(Source data)
- Opening Delimiter -

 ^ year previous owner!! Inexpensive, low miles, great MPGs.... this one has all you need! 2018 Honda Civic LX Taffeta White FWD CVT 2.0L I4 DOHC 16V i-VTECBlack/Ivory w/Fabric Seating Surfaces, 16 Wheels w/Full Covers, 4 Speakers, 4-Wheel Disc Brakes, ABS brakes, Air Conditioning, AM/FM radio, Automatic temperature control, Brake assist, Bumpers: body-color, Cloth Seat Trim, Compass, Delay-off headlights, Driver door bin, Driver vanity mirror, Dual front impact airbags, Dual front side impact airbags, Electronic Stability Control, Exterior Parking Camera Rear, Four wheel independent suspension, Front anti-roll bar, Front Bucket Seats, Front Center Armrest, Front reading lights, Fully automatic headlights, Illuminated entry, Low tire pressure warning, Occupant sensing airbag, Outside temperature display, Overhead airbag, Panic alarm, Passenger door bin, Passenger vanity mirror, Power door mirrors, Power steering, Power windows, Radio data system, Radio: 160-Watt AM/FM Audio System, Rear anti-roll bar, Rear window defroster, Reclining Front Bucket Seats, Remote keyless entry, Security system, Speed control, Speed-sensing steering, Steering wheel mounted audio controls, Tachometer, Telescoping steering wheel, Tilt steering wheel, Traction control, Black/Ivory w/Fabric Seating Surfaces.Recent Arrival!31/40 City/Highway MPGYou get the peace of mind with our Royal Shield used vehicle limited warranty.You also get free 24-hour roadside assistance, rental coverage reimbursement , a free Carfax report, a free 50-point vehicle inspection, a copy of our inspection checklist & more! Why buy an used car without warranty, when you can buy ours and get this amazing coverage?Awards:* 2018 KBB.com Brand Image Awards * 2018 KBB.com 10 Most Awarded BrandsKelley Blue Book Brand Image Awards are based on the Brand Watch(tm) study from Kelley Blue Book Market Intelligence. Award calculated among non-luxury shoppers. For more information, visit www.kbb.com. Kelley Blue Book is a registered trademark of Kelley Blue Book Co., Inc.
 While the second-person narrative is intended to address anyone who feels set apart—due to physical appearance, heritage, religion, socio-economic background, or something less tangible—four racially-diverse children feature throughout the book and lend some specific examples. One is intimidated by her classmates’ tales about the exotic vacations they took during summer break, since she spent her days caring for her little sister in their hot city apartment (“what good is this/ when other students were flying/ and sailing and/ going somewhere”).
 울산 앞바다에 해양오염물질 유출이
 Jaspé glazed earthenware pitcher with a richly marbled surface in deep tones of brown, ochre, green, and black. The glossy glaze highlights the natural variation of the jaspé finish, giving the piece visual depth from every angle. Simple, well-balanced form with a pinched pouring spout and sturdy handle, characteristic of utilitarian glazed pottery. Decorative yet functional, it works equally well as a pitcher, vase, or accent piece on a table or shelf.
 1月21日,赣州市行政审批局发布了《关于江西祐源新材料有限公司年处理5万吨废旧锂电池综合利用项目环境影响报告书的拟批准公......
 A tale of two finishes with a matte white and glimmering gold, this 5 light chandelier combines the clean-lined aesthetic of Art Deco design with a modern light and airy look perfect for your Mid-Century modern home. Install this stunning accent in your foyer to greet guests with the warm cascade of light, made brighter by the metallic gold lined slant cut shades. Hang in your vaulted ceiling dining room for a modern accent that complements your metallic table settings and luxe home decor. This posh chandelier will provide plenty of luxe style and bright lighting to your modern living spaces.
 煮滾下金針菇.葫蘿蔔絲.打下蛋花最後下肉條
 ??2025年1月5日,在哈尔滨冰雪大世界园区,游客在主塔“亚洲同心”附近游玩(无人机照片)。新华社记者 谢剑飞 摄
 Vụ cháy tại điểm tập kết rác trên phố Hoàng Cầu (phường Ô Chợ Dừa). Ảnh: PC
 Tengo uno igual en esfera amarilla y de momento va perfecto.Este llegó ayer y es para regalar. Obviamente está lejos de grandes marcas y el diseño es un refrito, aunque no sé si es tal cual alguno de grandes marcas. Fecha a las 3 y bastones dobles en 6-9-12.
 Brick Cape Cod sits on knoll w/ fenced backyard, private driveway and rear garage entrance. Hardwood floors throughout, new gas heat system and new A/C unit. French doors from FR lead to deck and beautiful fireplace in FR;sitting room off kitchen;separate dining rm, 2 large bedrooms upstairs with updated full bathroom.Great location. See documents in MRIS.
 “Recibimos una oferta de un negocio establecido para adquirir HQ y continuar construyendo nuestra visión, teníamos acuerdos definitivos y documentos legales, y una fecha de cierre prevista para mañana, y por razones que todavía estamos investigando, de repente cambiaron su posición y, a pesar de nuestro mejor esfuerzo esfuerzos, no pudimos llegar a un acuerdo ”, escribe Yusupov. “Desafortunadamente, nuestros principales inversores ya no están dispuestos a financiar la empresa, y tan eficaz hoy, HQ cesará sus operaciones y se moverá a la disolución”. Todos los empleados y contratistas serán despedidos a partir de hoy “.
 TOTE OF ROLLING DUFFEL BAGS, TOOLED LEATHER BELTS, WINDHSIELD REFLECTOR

- Closing Delimiter -

Your answer should be the records themselves, returned word for word.

SOLUTION:
 ^ year previous owner!! Inexpensive, low miles, great MPGs.... this one has all you need! 2018 Honda Civic LX Taffeta White FWD CVT 2.0L I4 DOHC 16V i-VTECBlack/Ivory w/Fabric Seating Surfaces, 16 Wheels w/Full Covers, 4 Speakers, 4-Wheel Disc Brakes, ABS brakes, Air Conditioning, AM/FM radio, Automatic temperature control, Brake assist, Bumpers: body-color, Cloth Seat Trim, Compass, Delay-off headlights, Driver door bin, Driver vanity mirror, Dual front impact airbags, Dual front side impact airbags, Electronic Stability Control, Exterior Parking Camera Rear, Four wheel independent suspension, Front anti-roll bar, Front Bucket Seats, Front Center Armrest, Front reading lights, Fully automatic headlights, Illuminated entry, Low tire pressure warning, Occupant sensing airbag, Outside temperature display, Overhead airbag, Panic alarm, Passenger door bin, Passenger vanity mirror, Power door mirrors, Power steering, Power windows, Radio data system, Radio: 160-Watt AM/FM Audio System, Rear anti-roll bar, Rear window defroster, Reclining Front Bucket Seats, Remote keyless entry, Security system, Speed control, Speed-sensing steering, Steering wheel mounted audio controls, Tachometer, Telescoping steering wheel, Tilt steering wheel, Traction control, Black/Ivory w/Fabric Seating Surfaces.Recent Arrival!31/40 City/Highway MPGYou get the peace of mind with our Royal Shield used vehicle limited warranty.You also get free 24-hour roadside assistance, rental coverage reimbursement , a free Carfax report, a free 50-point vehicle inspection, a copy of our inspection checklist & more! Why buy an used car without warranty, when you can buy ours and get this amazing coverage?Awards:* 2018 KBB.com Brand Image Awards * 2018 KBB.com 10 Most Awarded BrandsKelley Blue Book Brand Image Awards are based on the Brand Watch(tm) study from Kelley Blue Book Market Intelligence. Award calculated among non-luxury shoppers. For more information, visit www.kbb.com. Kelley Blue Book is a registered trademark of Kelley Blue Book Co., Inc.
 While the second-person narrative is intended to address anyone who feels set apart—due to physical appearance, heritage, religion, socio-economic background, or something less tangible—four racially-diverse children feature throughout the book and lend some specific examples. One is intimidated by her classmates’ tales about the exotic vacations they took during summer break, since she spent her days caring for her little sister in their hot city apartment (“what good is this/ when other students were flying/ and sailing and/ going somewhere”).
 울산 앞바다에 해양오염물질 유출이
 Jaspé glazed earthenware pitcher with a richly marbled surface in deep tones of brown, ochre, green, and black. The glossy glaze highlights the natural variation of the jaspé finish, giving the piece visual depth from every angle. Simple, well-balanced form with a pinched pouring spout and sturdy handle, characteristic of utilitarian glazed pottery. Decorative yet functional, it works equally well as a pitcher, vase, or accent piece on a table or shelf.
 1月21日,赣州市行政审批局发布了《关于江西祐源新材料有限公司年处理5万吨废旧锂电池综合利用项目环境影响报告书的拟批准公......
 A tale of two finishes with a matte white and glimmering gold, this 5 light chandelier combines the clean-lined aesthetic of Art Deco design with a modern light and airy look perfect for your Mid-Century modern home. Install this stunning accent in your foyer to greet guests with the warm cascade of light, made brighter by the metallic gold lined slant cut shades. Hang in your vaulted ceiling dining room for a modern accent that complements your metallic table settings and luxe home decor. This posh chandelier will provide plenty of luxe style and bright lighting to your modern living spaces.
 煮滾下金針菇.葫蘿蔔絲.打下蛋花最後下肉條
 ??2025年1月5日,在哈尔滨冰雪大世界园区,游客在主塔“亚洲同心”附近游玩(无人机照片)。新华社记者 谢剑飞 摄
 Vụ cháy tại điểm tập kết rác trên phố Hoàng Cầu (phường Ô Chợ Dừa). Ảnh: PC
 Tengo uno igual en esfera amarilla y de momento va perfecto.Este llegó ayer y es para regalar. Obviamente está lejos de grandes marcas y el diseño es un refrito, aunque no sé si es tal cual alguno de grandes marcas. Fecha a las 3 y bastones dobles en 6-9-12.
 Brick Cape Cod sits on knoll w/ fenced backyard, private driveway and rear garage entrance. Hardwood floors throughout, new gas heat system and new A/C unit. French doors from FR lead to deck and beautiful fireplace in FR;sitting room off kitchen;separate dining rm, 2 large bedrooms upstairs with updated full bathroom.Great location. See documents in MRIS.
 “Recibimos una oferta de un negocio establecido para adquirir HQ y continuar construyendo nuestra visión, teníamos acuerdos definitivos y documentos legales, y una fecha de cierre prevista para mañana, y por razones que todavía estamos investigando, de repente cambiaron su posición y, a pesar de nuestro mejor esfuerzo esfuerzos, no pudimos llegar a un acuerdo ”, escribe Yusupov. “Desafortunadamente, nuestros principales inversores ya no están dispuestos a financiar la empresa, y tan eficaz hoy, HQ cesará sus operaciones y se moverá a la disolución”. Todos los empleados y contratistas serán despedidos a partir de hoy “.
 TOTE OF ROLLING DUFFEL BAGS, TOOLED LEATHER BELTS, WINDHSIELD REFLECTOR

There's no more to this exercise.